Compared to ANA-positive patients, Ravelli et al. [7, 8] found that the cumulative number of affected joints during the first 6–24 months of disease was higher in ANA-negative patients irrespective of being categorized as oligo- or polyarticular JIA. This made Ravelli et al. conclude that ANA-positive patients should be classified as a separate category [7, 8]. In contrast, our study reports no significant difference in joint counts in ANA-positive and ANA-negative patients; both at diagnosis and after more than 5 years on average at last follow-up. The latter remained present even with all JIA subcategories represented, while Ravelli et al. [7, 8] did not include all JIA subtypes, but excluded systemic, enthesitis-related, and RF-positive polyarticular JIA.

Further, remission rates on and off medication according to the Wallace preliminary criteria were not significantly different, but very comparable in ANA-positive and ANA-negative patients. This again would not support the hypothesis that ANA positivity alone should be a separate category.

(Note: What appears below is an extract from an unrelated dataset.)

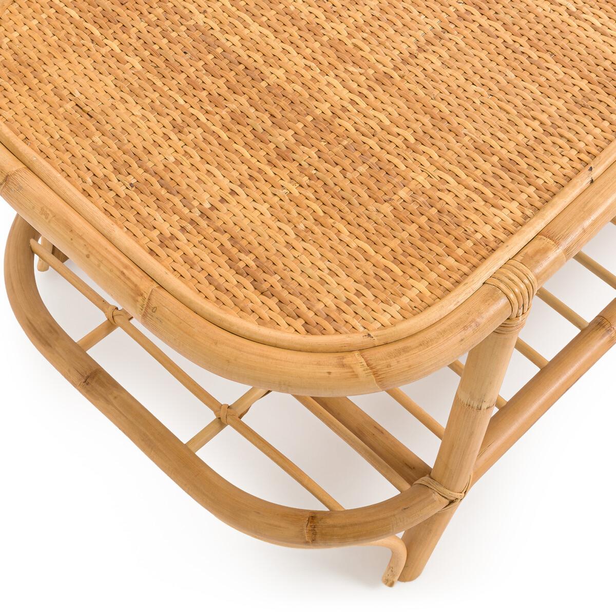 With an updated vintage style, lower level in openwork rattan and upper top in woven rattan cane, Elisa allows you to enjoy sunny days outdoors. A double level coffee table ideal for the garden as well as the living room.

There are some limitations to this study. This is a retrospective study and this design could potentially lead to bias. However, the population studied includes all patients seen in one single tertiary center in Denmark, with a relatively homogeneous ethnical Danish population. This is still the largest study completed to date evaluating outcome based on ANA positivity, and analysis provides a clear picture of the remission rates overall and in both groups. Notably, ANA testing was performed by indirect immunofluorescence (IIF) assays on HEp-2 cells [19, 20] since testing for ANA using an enzyme-linked immunosorbent assay (ELISA) has shown limited value in patients with JIA [21]. However, the IIF test has been criticized for its variability among studies [6] which may be explained by the use of the test among different ethnical groups also known for differences in distribution of JIA subcategories [22]. All ANA tests in this study were performed with at least 3 months’ interval, by the same method, and in the same lab during the years of investigation and as in previous studies [7, 8] the minimum cut-off titer for ANA positivity used here was set at 1:160 in order to lower the risk of false-positive results.

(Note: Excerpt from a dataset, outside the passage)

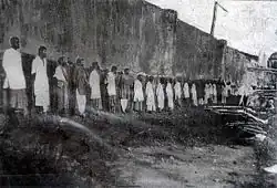 Maveeran Alagumuthu Kone was an early revolutionary against the British presence in Tamil Nadu. He became a military leader in the town of Ettayapuram and was defeated in battle against the British and Maruthanayagam's forces. He was executed in 1757.[9] Puli Thevar opposed the Nawab of Arcot, who was supported by the British.[10] Maruthanayagam Pillai was a commandant of the British East India Company's Madras Army. He was born in a Tamil Vellalar caste family in a village called Panaiyur in British India, what is now in Nainarkoil Taluk, Ramanathapuram District of Tamil Nadu, India. He converted to Islam and was named Muhammad Yusuf Khan. He was popularly known as Khan Sahib when he became the ruler of Madurai. He became a warrior in the Arcot troops, and later a commandant for the British East India Company troops. The British and the Arcot Nawab employed him to suppress the Polygar (a.k.a. Palayakkarar) uprising in South India. Later, he was entrusted to administer the Madurai country when the Madurai Nayak rule ended. He later fought a war against the British and the Arcot Nawab. A dispute arose with the British and the Arcot Nawab, and three of Khan's associates were bribed to capture him. He was captured during his morning prayer (Thozhugai) and hanged on 15 October 1764 at Sammatipuram near Madurai. Local legends state that he survived two earlier attempts at hanging, and that the Nawab feared Yusuf Khan would come back to life and so had his body dismembered and buried in different locations around Tamil Nadu. In Eastern India and across the country, Indigenous communities organised numerous uprising against the British and their fellow members, especially landlords and moneylenders.[11][12][13] One of the earliest of these on record was led by Binsu Manki around 1771 over the transfer of Jharkhand to the East India Company.[11] The Rangpur Dhing took place from 1782 to 1783 in nearby Rangpur, Bengal.[14] Following Binsu Manki's revolt in Jharkhand, numerous uprisings across the region took place, including the rebellion led by Tilka Manjhi in 1784; Bhumij Revolt of Manbhum from 1798 to 1799; the Chero Uprising of Palamu in 1800 under the leadership of Bhukan Singh, and two uprising of the Munda community in Tamar region, during 1807 led by Dukan Mank, and 1819–20 under the leadership Bundu and Konta.[11] The Ho Rebellion took place when the Ho community first came in contact with the British, from 1820 to 1821 near Chaibasa on the Roro River in West Singhbhum, but were defeated by the technologically enhanced colonial cavalry.[15][16] A larger Bhumij Revolt occurred near Midnapur in Bengal, under the leadership of Ganga Narain Singh who had previously also been involved in co-leading the Chuar Rebellions in these regions from 1771 to 1809.[17] Syed Mir Nisar Ali Titumir was an Islamic preacher who led a peasant uprising against the Hindu Zamindars of Bengal and the British during the 19th century. Along with his followers, he built a bamboo fort (Bansher Kella in Bengali) in Narkelberia Village, which gained a prominent place in Bengali folk legend. After the storming of the fort by British soldiers, Titumir died of his wounds on 19 November 1831.[18] These rebellions lead to larger regional movements in Jharkhand and beyond such as the Kol Insurrection led by Singhray and Binray Manki, where the Kol (Munda, Oraon, Bhumij and Ho communities) united to rebel against the "outsiders" from 1830 -1833.[11][12][15][19]

In conclusion, this study shows there is no difference in the number of active joint count at diagnosis and at follow-up or in remission rate based on ANA positivity in children with JIA. The ANA-positive patients are more frequently girls, have a younger onset age, and have associated uveitis, but these factors, however, do not differ their remission rates in this cohort. Our data do not support the hypothesis for a possible separate JIA category based on ANA positivity.